Ia menatap wajah Lila, wajah yang lelah karena kurang tidur, wajah yang cemas karena mengkhawatirkannya, wajah yang tegar meski menanggung bebannya sendiri. Di sinilah oase itu. Bukan Mia. Bukan harapan palsu akan keluarga yang utuh. Oase yang sesungguhnya ada di sini, di sampingnya selama ini, menawarkan keteduhan tanpa syarat.
Donor itu. Kesempatan untuk transplantasi. Tiba-tiba semua itu memiliki arti yang baru. Bukan lagi tentang bertahan hidup untuk dirinya sendiri yang sudah patah. Ini tentang berjuang demi sesuatu yang nyata, demi seseorang yang melihatnya bukan sebagai orang asing yang sakit, bukan sebagai kutukan, melainkan sebagai manusia yang terluka dan pantas disembuhkan.
“Aku…,” Angkasa memulai, suaranya bergetar hebat.
“Aku nggak punya apa-apa lagi, La. Semua harapanku… semuanya udah hancur.”

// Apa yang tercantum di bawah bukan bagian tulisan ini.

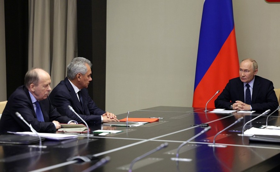 4 De droite à droite : le secrétaire du Conseil de sécurité Sergueï Choïgou, le ministre de la Défense Andreï Belousov et le directeur du Service fédéral de sécurité Alexandre Bortnikov lors de la réunion avec les membres permanents du Conseil de sécurité.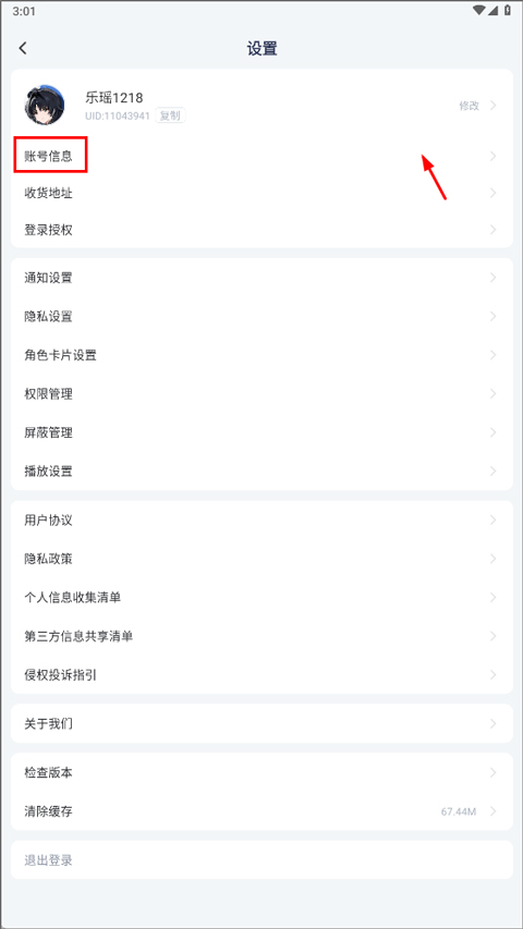 2、在设置菜单里,找到并选择“账号信息”这一项。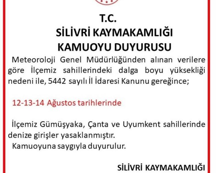 Meteoroloji Genel Müdürlüğünün uyarıları sonrasında Silivri, Arnavutköy ve Şile Kaymakamlıkları tarafından yapılan açıklamalarda, kuvvetli rüzgar ve dalga nedeniyle bu ilçelerde denize girmenin yasaklandığı duyuruldu.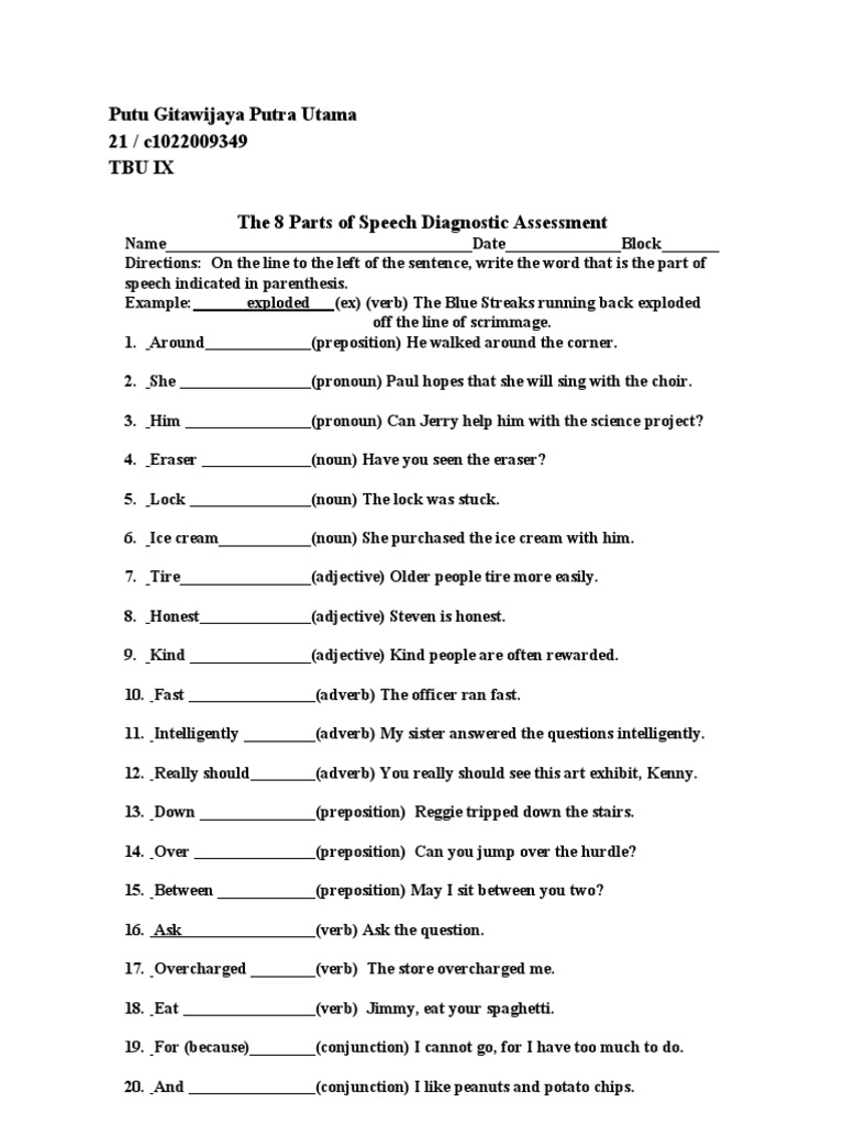 40 the 8 parts of speech diagnostic assessment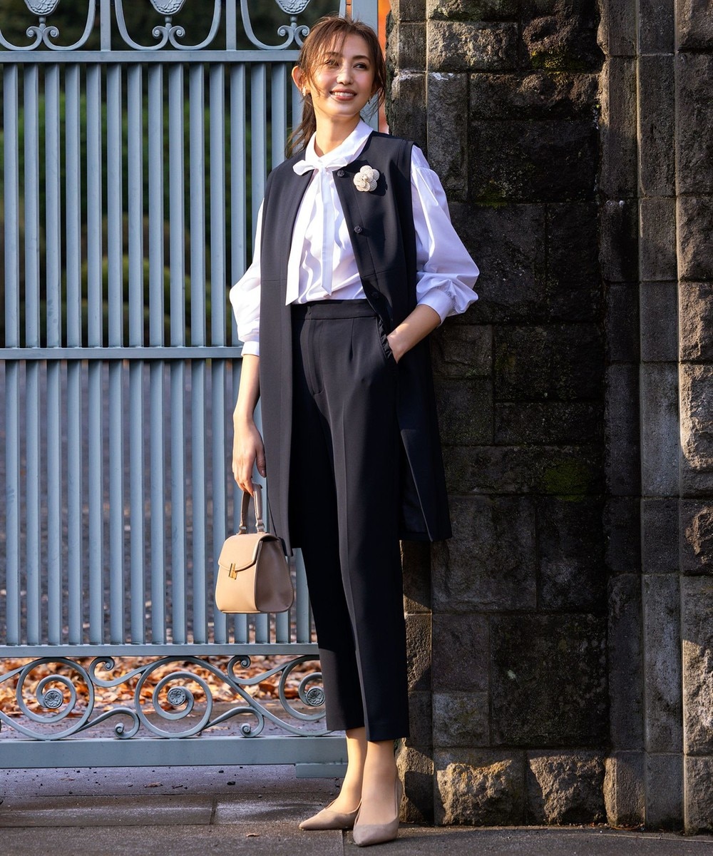 下画像は、ワイド過ぎないシルエットがエレガントな「23区」【セットアップ対応】トリアセダブルジョーゼット フルレングス パンツです。下画像のジャケットとセットでお召しいただけます。
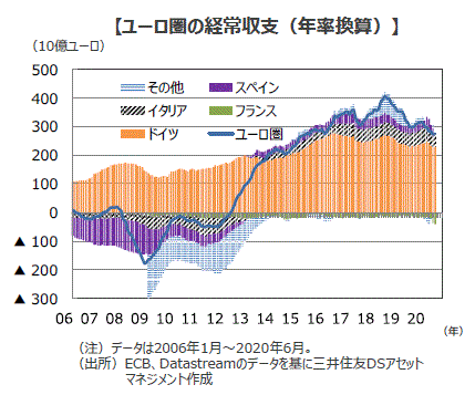 ■ユーロ圏は経常黒字の大部分をドイツを中心とする貿易黒字が占めており、恒常的に輸出に伴うユーロ買いが出るため、ユーロ高につながりやすいと考えられます。一方、日本は経常黒字国であるものの、コロナショックを受けて貿易収支が赤字となっていることから輸出企業の円買い需要も大きくなく、積極的な円買いが入りにくいとみられます。

Lila tersenyum tipis, senyum yang paling indah yang pernah Angkasa lihat. Tangannya bergerak dari punggung tangan Angkasa, kini jemarinya terjalin dengan jemari pria itu, menggenggamnya erat.
“Kamu punya aku.”
Tiga kata itu. Begitu sederhana, tetapi bobotnya mampu menopang seluruh dunianya yang nyaris runtuh. Angkasa menatap tautan tangan mereka, lalu kembali menatap mata Lila, mencari keraguan, mencari kebohongan, tetapi yang ia temukan hanyalah ketulusan yang membanjiri hatinya yang kering kerontang.

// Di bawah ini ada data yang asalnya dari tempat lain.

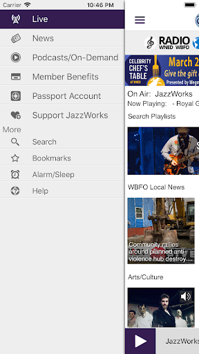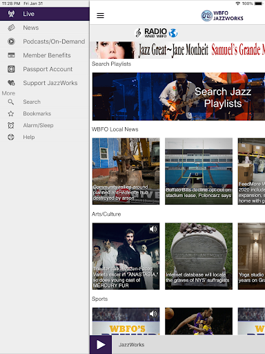 The JazzWorks Public Radio App allows you to listen to JazzWorks, pause and rewind the live audio, and view the program schedule all at once! You can explore On Demand content, search for programs, bookmark a program for later, and wake up to JazzWorks with the alarm clock!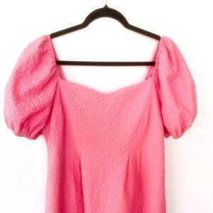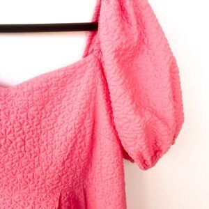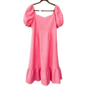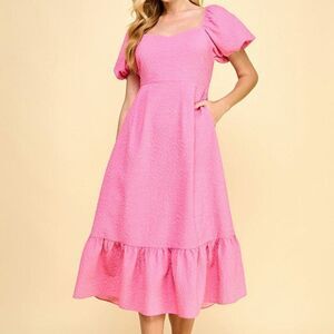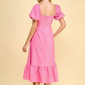 TCED Pink Textured Floral Sweetheart Neckline Puff Sleeve Midi Dress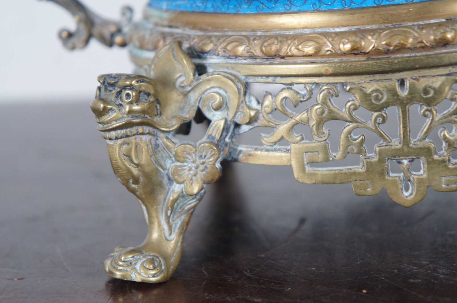 This jardinière is a truly exquisite piece of decorative art, composed of contrasting yet complementary elements. The blue cloisonné enamel body was crafted in China, then exported to France, where it was fitted with bronze mounts.

Sebuah isak kecil lolos dari bibirnya. Ia membalas genggaman Lila sekuat yang ia bisa. Angkasa ingin percaya sekali lagi. Dan ia yakin, Lila adalah orang yang tepat yang membawa matahari di kelam takdirnya.
“Kalau begitu…,” bisiknya, napasnya tersengal oleh emosi yang meluap.
“Itu cukup.”
Ia menarik napas dalam-dalam, sebuah keputusan terbentuk di tengah reruntuhan jiwanya, sejelas kristal. Tekad yang dingin dan membara kini menggantikan keputusasaan.
“La,” panggilnya lagi, suaranya kini lebih tegas.
Lila menatapnya, menunggu.
“Bisa tolong panggil perawat jaga,” kata Angkasa.
Alis Lila berkerut bingung.
“Kenapa, Mas? Kamu ngerasa sakit lagi? Mau aku panggilin dokter?”
Angkasa menggeleng pelan. Matanya berkilat dengan cahaya baru yang belum pernah Lila lihat sebelumnya, cahaya seorang pejuang yang telah menemukan alasan untuk kembali ke medan perang.
“Aku mau minta formulir persetujuan tindakan transplantasi,” katanya, suaranya mantap tanpa sedikit pun keraguan.
“Aku mau tanda tangan. Sekarang juga.”